— SUPPLIED MATERIAL —
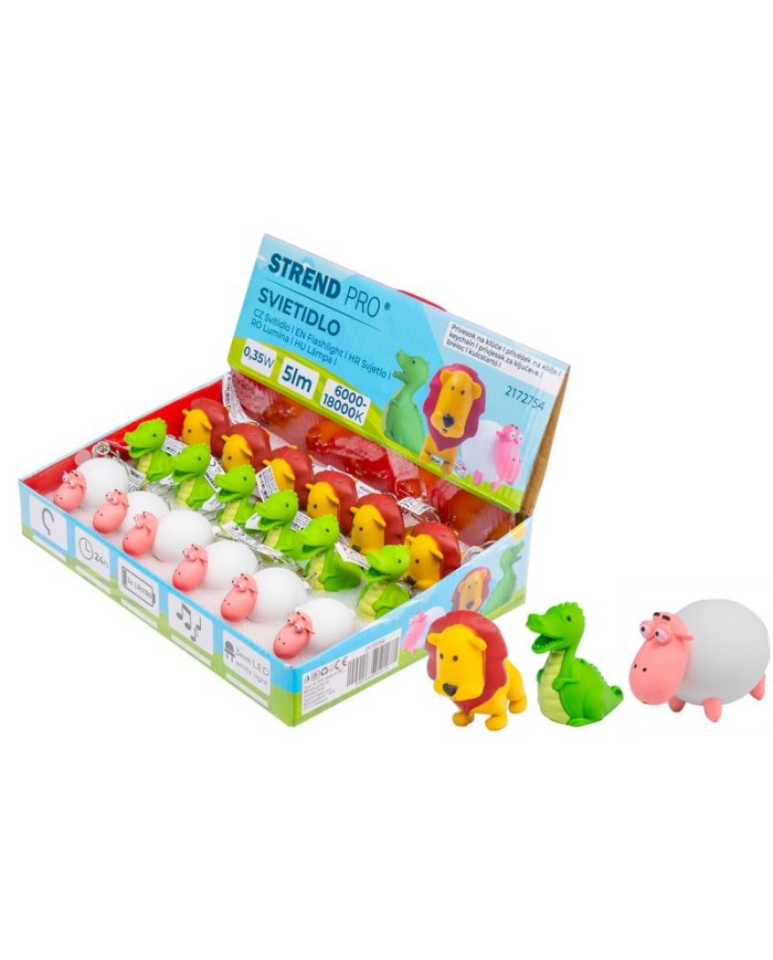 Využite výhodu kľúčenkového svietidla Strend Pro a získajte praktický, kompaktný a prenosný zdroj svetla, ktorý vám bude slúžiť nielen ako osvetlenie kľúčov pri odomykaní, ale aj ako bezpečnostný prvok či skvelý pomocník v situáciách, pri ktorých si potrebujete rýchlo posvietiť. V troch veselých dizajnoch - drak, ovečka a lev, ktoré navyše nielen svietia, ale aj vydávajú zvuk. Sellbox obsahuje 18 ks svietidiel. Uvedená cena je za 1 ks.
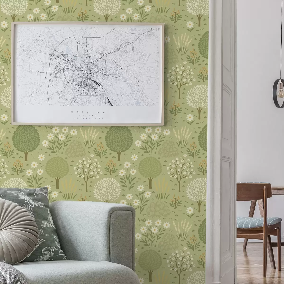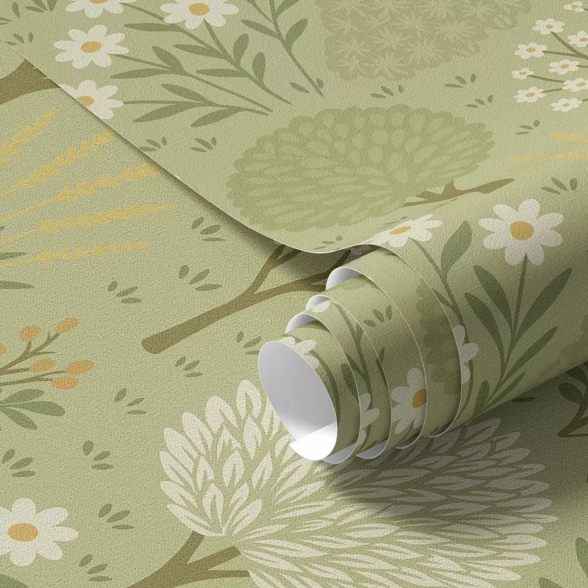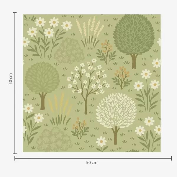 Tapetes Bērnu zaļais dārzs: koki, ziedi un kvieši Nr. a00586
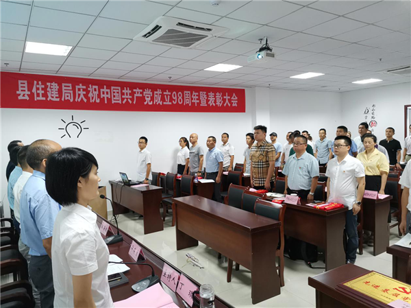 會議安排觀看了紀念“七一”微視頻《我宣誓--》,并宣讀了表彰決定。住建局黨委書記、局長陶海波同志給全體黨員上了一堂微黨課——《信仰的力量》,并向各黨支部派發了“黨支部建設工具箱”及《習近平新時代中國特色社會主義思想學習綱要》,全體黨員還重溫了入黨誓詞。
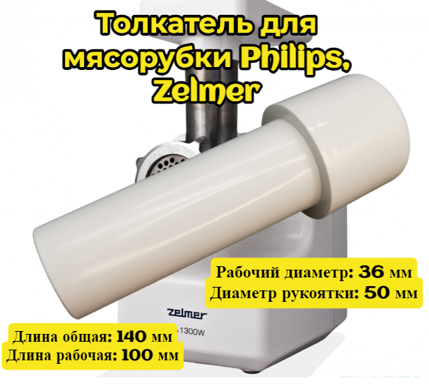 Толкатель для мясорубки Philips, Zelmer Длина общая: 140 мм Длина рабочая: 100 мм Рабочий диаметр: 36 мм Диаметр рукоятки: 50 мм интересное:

— REQUIRED WORK —
Please retype the material in full, exactly as it reads, apart from the images.

— SOLVED PROBLEM —
 Využite výhodu kľúčenkového svietidla Strend Pro a získajte praktický, kompaktný a prenosný zdroj svetla, ktorý vám bude slúžiť nielen ako osvetlenie kľúčov pri odomykaní, ale aj ako bezpečnostný prvok či skvelý pomocník v situáciách, pri ktorých si potrebujete rýchlo posvietiť. V troch veselých dizajnoch - drak, ovečka a lev, ktoré navyše nielen svietia, ale aj vydávajú zvuk. Sellbox obsahuje 18 ks svietidiel. Uvedená cena je za 1 ks.
 Tapetes Bērnu zaļais dārzs: koki, ziedi un kvieši Nr. a00586
 會議安排觀看了紀念“七一”微視頻《我宣誓--》,并宣讀了表彰決定。住建局黨委書記、局長陶海波同志給全體黨員上了一堂微黨課——《信仰的力量》,并向各黨支部派發了“黨支部建設工具箱”及《習近平新時代中國特色社會主義思想學習綱要》,全體黨員還重溫了入黨誓詞。
 Толкатель для мясорубки Philips, Zelmer Длина общая: 140 мм Длина рабочая: 100 мм Рабочий диаметр: 36 мм Диаметр рукоятки: 50 мм интересное:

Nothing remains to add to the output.